На «Море» вы не остановились и быстро взялись за новый проект — «Тургор»?

Да. Причём на этот раз продавали не демку даже, а чистый концепт, десять страничек текста в ворде, за которые мы просили у издателей 250 тысяч долларов. Всё-таки нахальства нам было тогда не занимать. Никто поначалу не хотел покупать сумасшедшую, наркоманскую идею про текучий цвет, голых женщин, босховских кошмариков с пятиметровыми конечностями и «в этой игре надо только рисовать». Но и на этот раз всё получилось. Подробности — в подкасте у Галёнкина.

«Игра — это новая форма мышления»: интервью с Николаем Дыбовским

Вероятно, нахальство всё-таки было подкреплено тем, что «Мор» стал культовым? Одно дело просто инди разработчики с нахальством и десятистраничным концептом, другое дело — команда «Мора». Можно ли сказать, что «это позволялось только ледорубам» или время было такое, когда напористость решала?

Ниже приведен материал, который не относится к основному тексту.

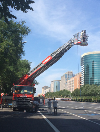 位于長(zhǎng)安街南側(cè),人民大會(huì)堂附近的是亞洲目前**高的云梯消防車(chē),型號(hào)為YT60的中聯(lián)重科60米云梯消防車(chē)。它主要承擔(dān)了兩項(xiàng)重要任務(wù),前期主要配合QY80起重機(jī)進(jìn)行“天鷹座”的牽線工作;而在慶典當(dāng)天,央視工作人員在YT60撐起的工作斗里進(jìn)行現(xiàn)場(chǎng)拍攝,電視中許多天安門(mén)城樓上領(lǐng)導(dǎo)、嘉賓以及受閱部隊(duì)通過(guò)天安門(mén)前的正面鏡頭就是由它捕捉的。
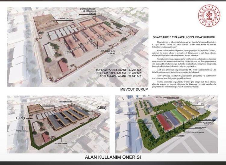 Cumhurbaşkanı Recep Tayyip Erdoğan'ın Diyarbakır ziyaretinde ‘müze olacak’ müjdesini verdiği ve Adalet Bakanı Bekir Bozdağ’ın kapısına kilit vurarak anahtarını Kültür ve Turizm Bakanı Mehmet Nuri Ersoy’a verdiği Diyarbakır E Tipi Cezaevi, Müze Müdürlüğü’ne devredildi. Cezaevinin bazı yapılarının yıkımı için kurul kararı çıkarılırken bazılarının da güçlendirilmesi yapılacak. Toplam parsel alanı 49 bin 204 metrekare, kapalı alanı da 16 bin 462 metrekareden oluşan cezaevi, çalışmaların ardından ‘Anı ve Etnografya Müzesi’ olarak hizmet verecek.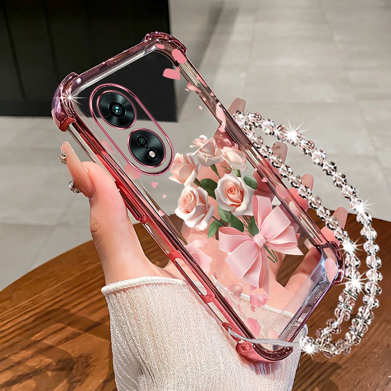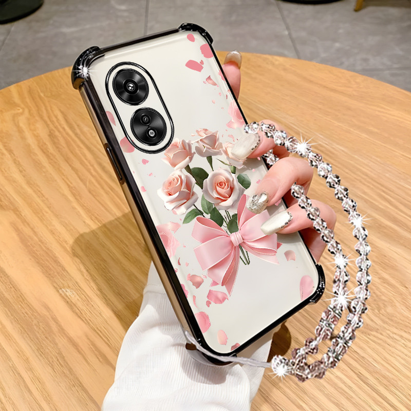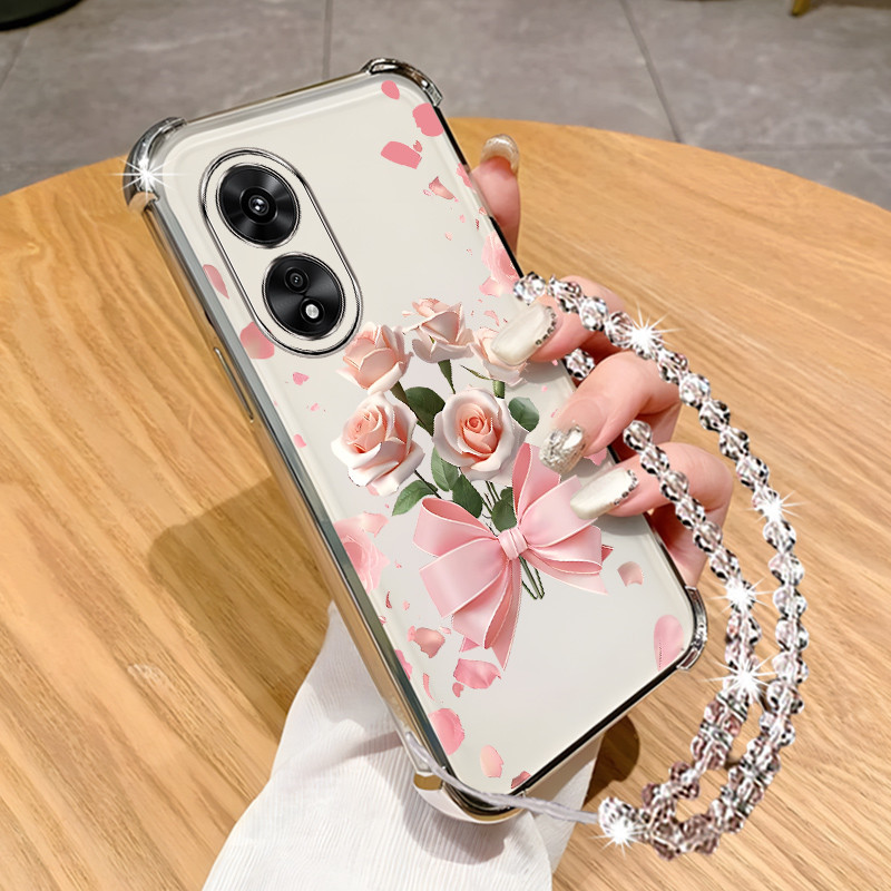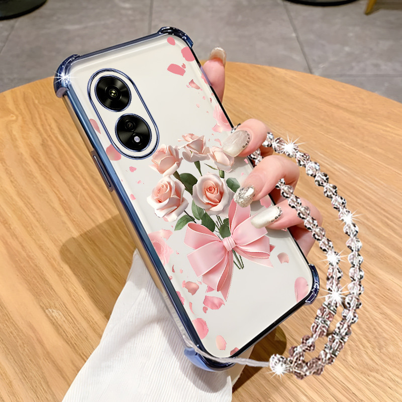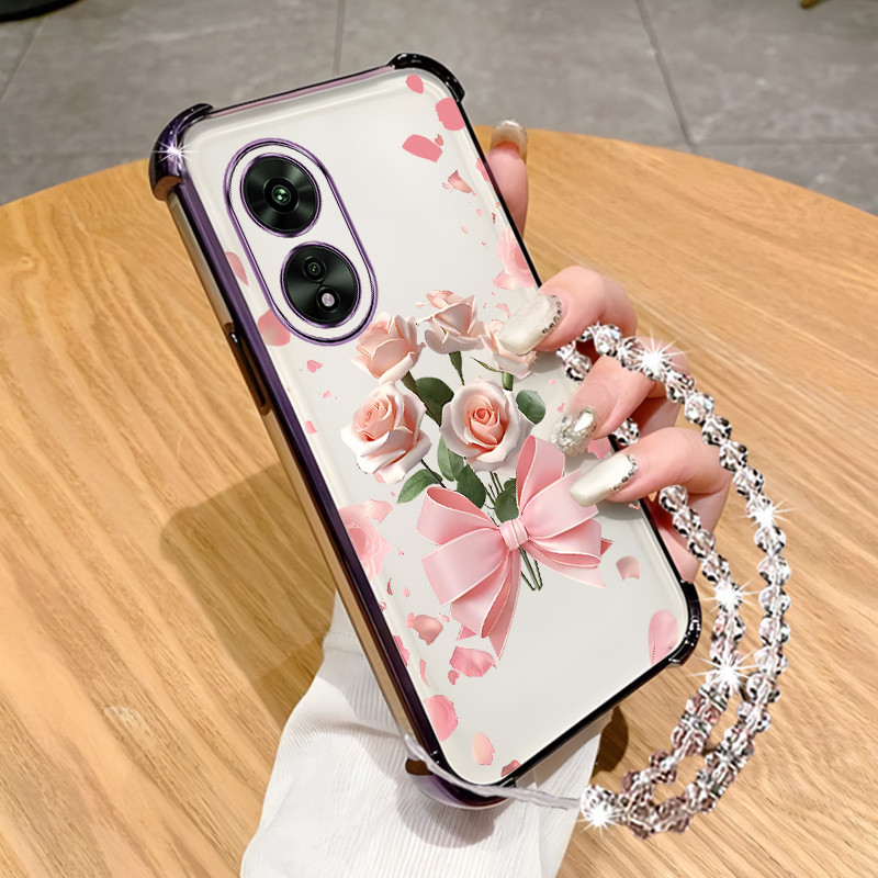 Case for vivo y02s phone casing Transparent electroplated border dreamy flower sparkling diamond hanging chain soft shell

Ты преувеличиваешь. В 2005-м «Мор» культовым еще не стал, ругали его почти так же энергично, как и хвалили. Он стал игрой года по мнению ЛКИ и AG, но очень влиятельные «Игромания» и Game.EXE, например, камня на камне от него не оставили.

Спор об искусстве — наследие нашего школьного образования, которое все ещё опирается на культурную традицию XVIII-XIX веков. Игровую индустрию сейчас нужно оценивать совсем по другим критериям

Насколько я знаю, у вас был один неудачный проект — «Эврика!». Позже ты рассказывал, что делали его отклонившись от вашего кредо и поэтому не было успеха. Можешь рассказать, что это был за проект и что пошло не так?

«Эврика!» — хорошая игра. Но ей не повезло. Делалась она в 2008 — 2010-х годах, помнишь, тогда был кризис: погиб старый DTF, съёжились старые издатели, разработчики рванули в соцсети и в мобайл, никто не верил в однопользовательские игры. Сам климат в российской индустрии стал совершенно другим, чужим для нас. А климат важен. Потом «Эврика» стала тем самым дитём без глазу у семи нянек — не очень понятно было, кто ведёт проект.

Я, например, — руководитель-маньяк, который живёт проектом, кормит его своей кровью, если что идёт не так — орёт, разбивает мышку об стену, притаскивает с помойки антиквариат для вдохновения. А после «Мора» и «Тургора» я почувствовал, что больше так не могу — окуклился, превратился в овощ, много пил и как-то тихо регенерировал в уголке. Поэтому игра стала таким, недоношенным ребёнком. Ну, и продавали мы её неправильно — просто выложили в Steam и сказали: «Вот». Никакого пиара — мы же привыкли, что этим издатель занимается, сами ничего не делали. Сама себя игра продавать не будет, если это не Minecraft.

«Игра — это новая форма мышления»: интервью с Николаем Дыбовским

Один из недавних хитов компании — мобильный проект «Тук-Тук-Тук». Деньги на разработку собирали на Kickstarter. Как тебе сама концепция краудфандинга?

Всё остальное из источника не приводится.